◆ Brief ◆
Beginning at the line that contains "C户型:建筑面积约58㎡,宜居空间,三房布局,配备燃气管道可生明火。" and finishing at the line that contains "백 34까지 전투가 전판으로 확대될 조짐이다. 쉽게 끝나지 않을 싸움이다.", output the data below exactly. Include both end lines and no pictures.

##### Dataset entries

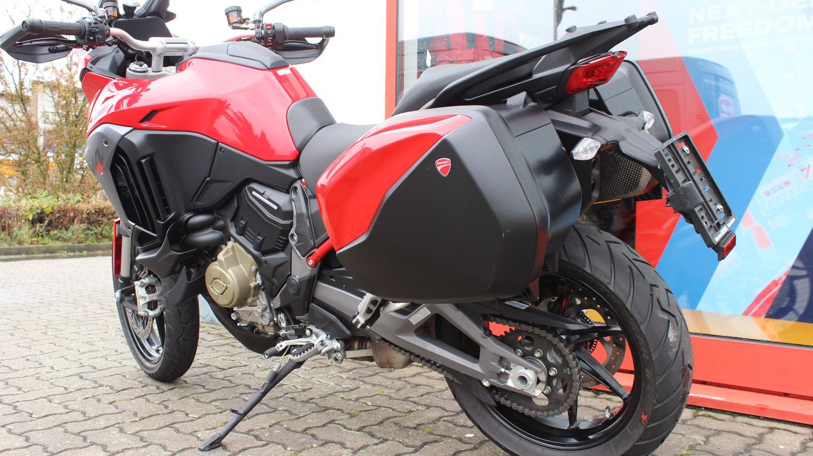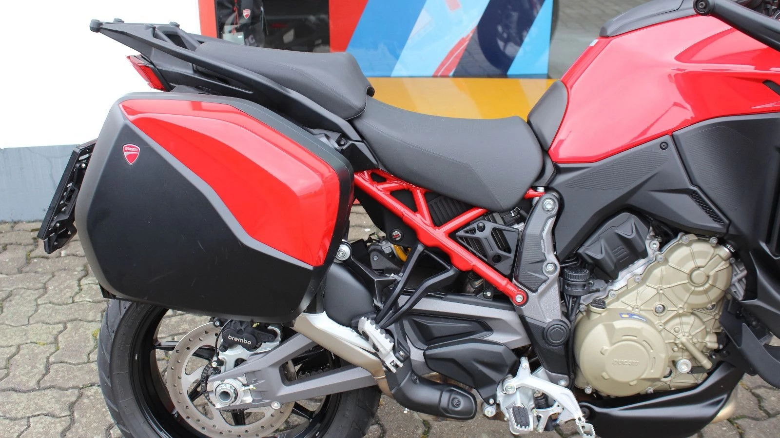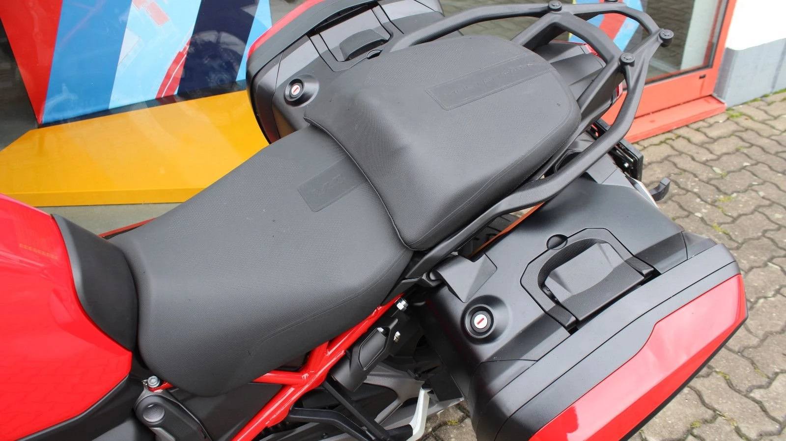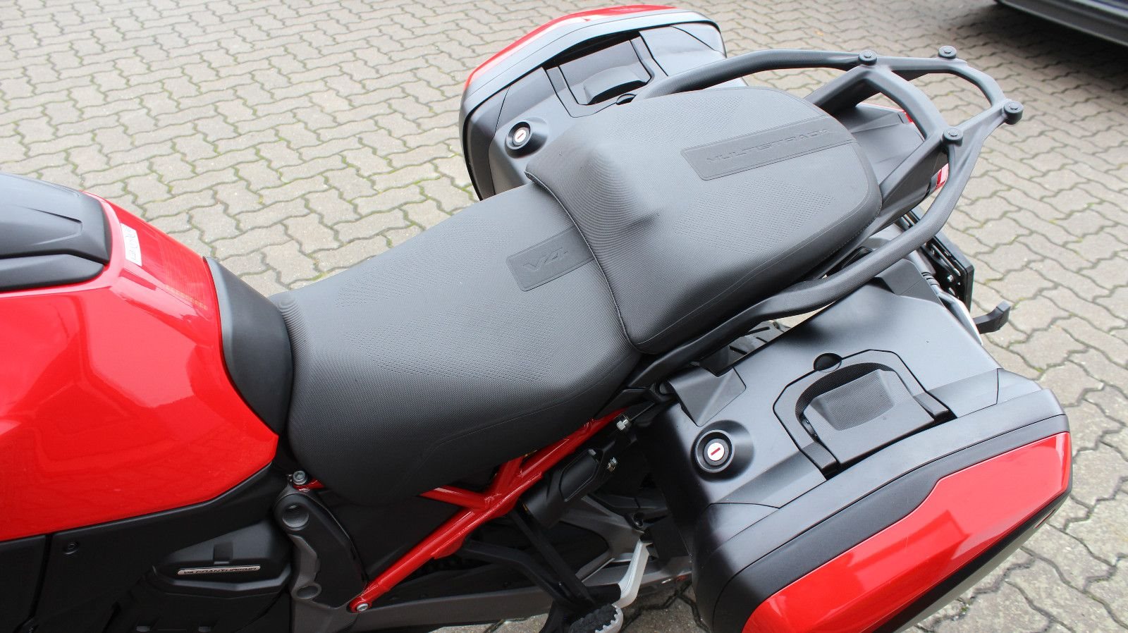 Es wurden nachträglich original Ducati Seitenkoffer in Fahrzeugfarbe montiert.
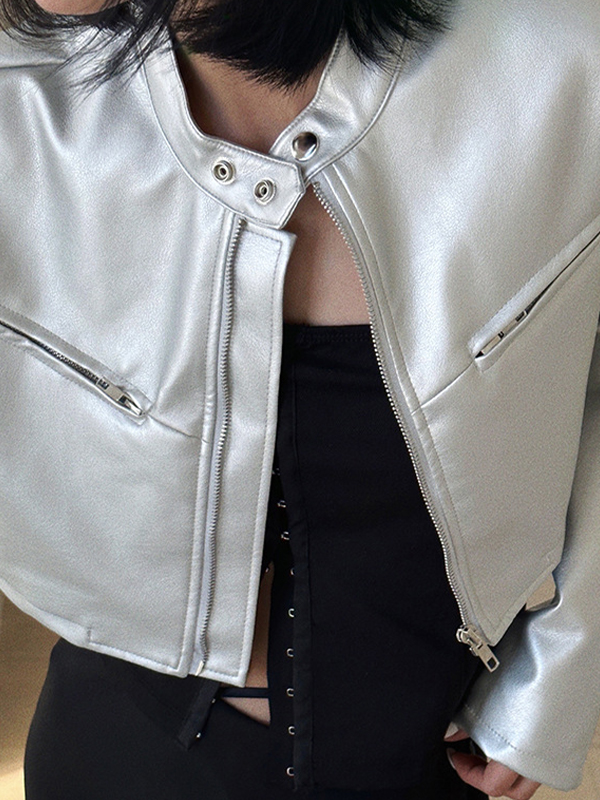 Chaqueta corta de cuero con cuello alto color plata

##########
##### Dataset entries

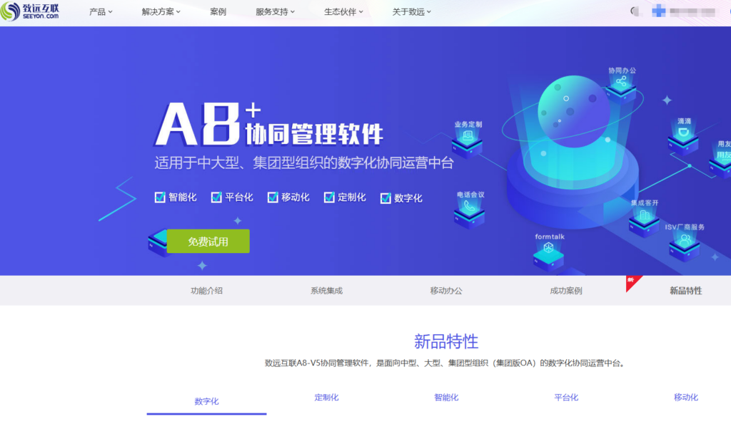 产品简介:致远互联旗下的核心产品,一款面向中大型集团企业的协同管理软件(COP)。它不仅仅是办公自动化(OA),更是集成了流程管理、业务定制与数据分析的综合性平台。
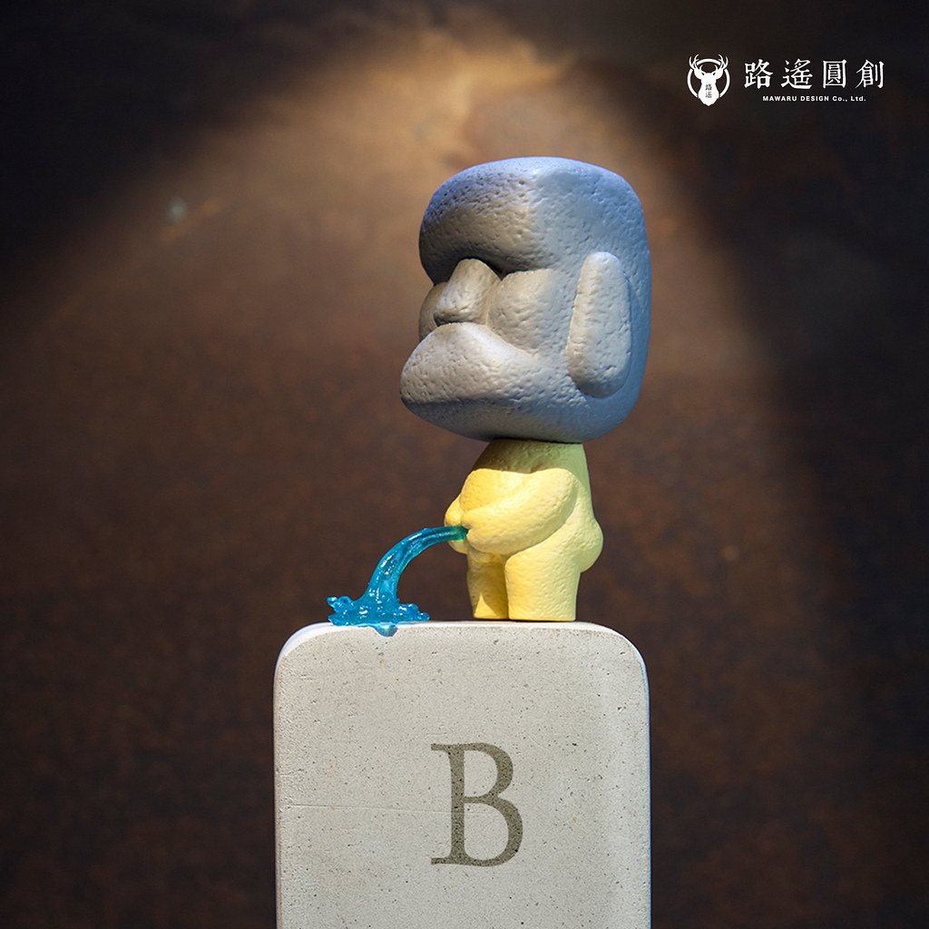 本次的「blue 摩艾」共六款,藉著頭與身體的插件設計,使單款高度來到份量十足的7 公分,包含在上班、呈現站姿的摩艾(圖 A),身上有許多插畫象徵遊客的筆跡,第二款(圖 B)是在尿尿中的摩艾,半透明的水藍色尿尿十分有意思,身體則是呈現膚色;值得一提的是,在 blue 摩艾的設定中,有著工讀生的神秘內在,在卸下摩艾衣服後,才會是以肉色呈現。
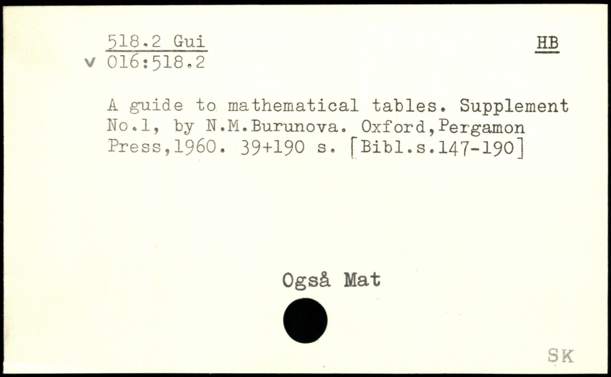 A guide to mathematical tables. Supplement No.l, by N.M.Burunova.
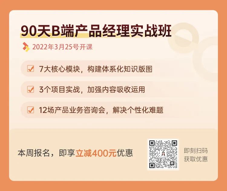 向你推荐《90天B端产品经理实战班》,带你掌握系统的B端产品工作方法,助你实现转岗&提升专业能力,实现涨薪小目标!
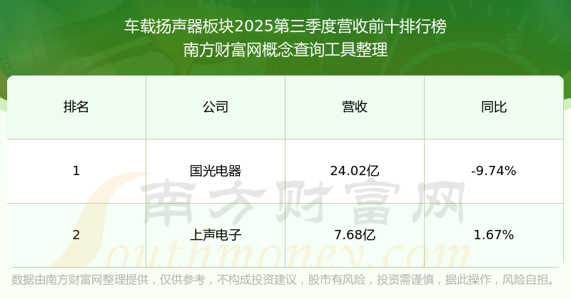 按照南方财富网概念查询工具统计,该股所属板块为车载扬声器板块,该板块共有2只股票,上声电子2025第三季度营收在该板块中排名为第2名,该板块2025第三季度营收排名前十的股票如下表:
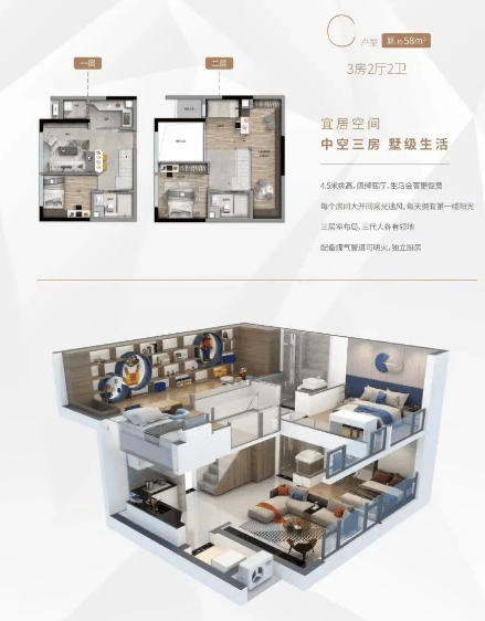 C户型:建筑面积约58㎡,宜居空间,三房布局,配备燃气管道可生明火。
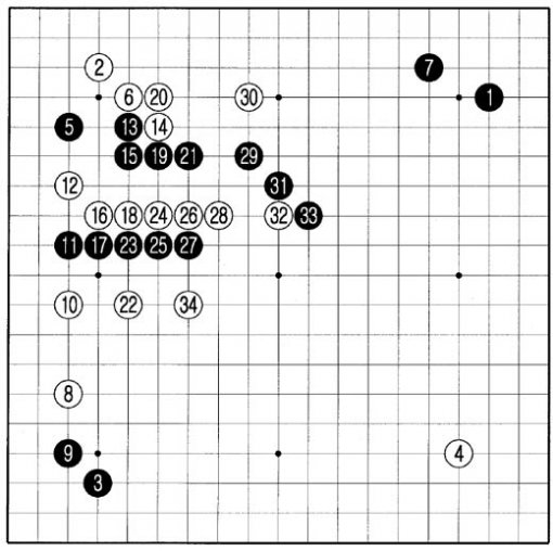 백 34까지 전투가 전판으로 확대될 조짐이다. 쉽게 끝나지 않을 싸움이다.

##########

◆ Problem solution ◆
 C户型:建筑面积约58㎡,宜居空间,三房布局,配备燃气管道可生明火。
 백 34까지 전투가 전판으로 확대될 조짐이다. 쉽게 끝나지 않을 싸움이다.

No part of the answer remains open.